Spot natural gas prices (CFDS ON NATURAL GAS) advanced during their early trading on Thursday, to achieve slight daily gains until the moment of writing this report, by 0.54%. It settled at $3.723 per million British thermal units, after rising by 3.41% during yesterday's trading.
US natural gas futures rose nearly 1% on Wednesday, after touching a one-year low in the previous session on expectations that the weather will turn from warmer-than-usual now to cooler-than-normal in late January.
Early Wednesday, the contract fell more than 5% to an 18-month low of $4,422 per million British thermal units on expectations of lower heating demand next week than previously expected, and with a growing number of analysts expecting Freeport to delay LNG gas export in Texas.
Meanwhile, Russia's GAZP said it would ship about 35.5 million cubic meters of gas to Europe via Ukraine on Thursday, in line with similar levels reported in previous days.

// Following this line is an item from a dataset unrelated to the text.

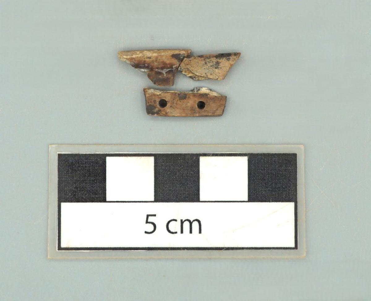 3592 - Canino de perro perforado. Aunque se encuentra fragmentado, se conservan sus partes.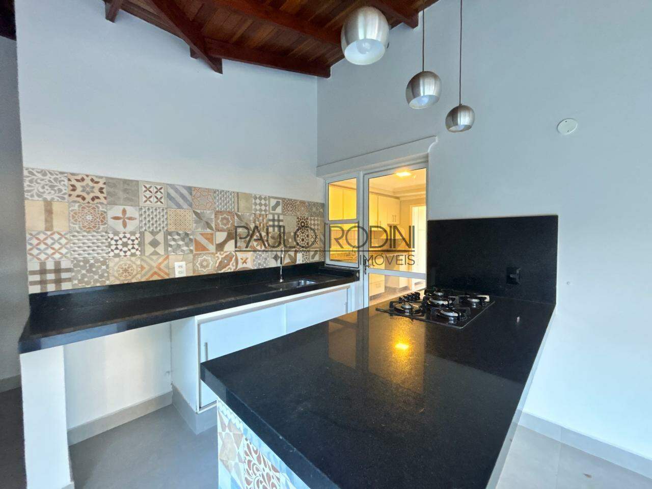 No piso inferior, dispõe de sala ampla para dois ambientes, lavabo, cozinha, área de serviço, além de área externa com espaço gourmet, um quarto e um banheiro de apoio.

However, it was down about 15% on daily shipments seen recently.
Natural Gas Technical Analysis
- Technically, the rise in natural gas came as a result of the stability of the pivotal support level 3.618, which gave it some positive momentum that helped it compensate for part of its previous losses.
- At the same time, we see it trying to drain some of its clear selling saturation with the relative strength indicators, especially with the start of signals coming in.
- The positive ones, all of this comes in light of the dominance of the bearish corrective trend in the short term along a slope line, with the continuation of the negative pressure for its trading below the simple moving average for the previous 50-day period, as is evident in the attached chart for a (daily) time period.
Therefore, our expectations suggest that natural gas will return to decline during its upcoming trading, especially if it breaks the 3.618 pivotal support, to then target directly the first support levels at 3.098.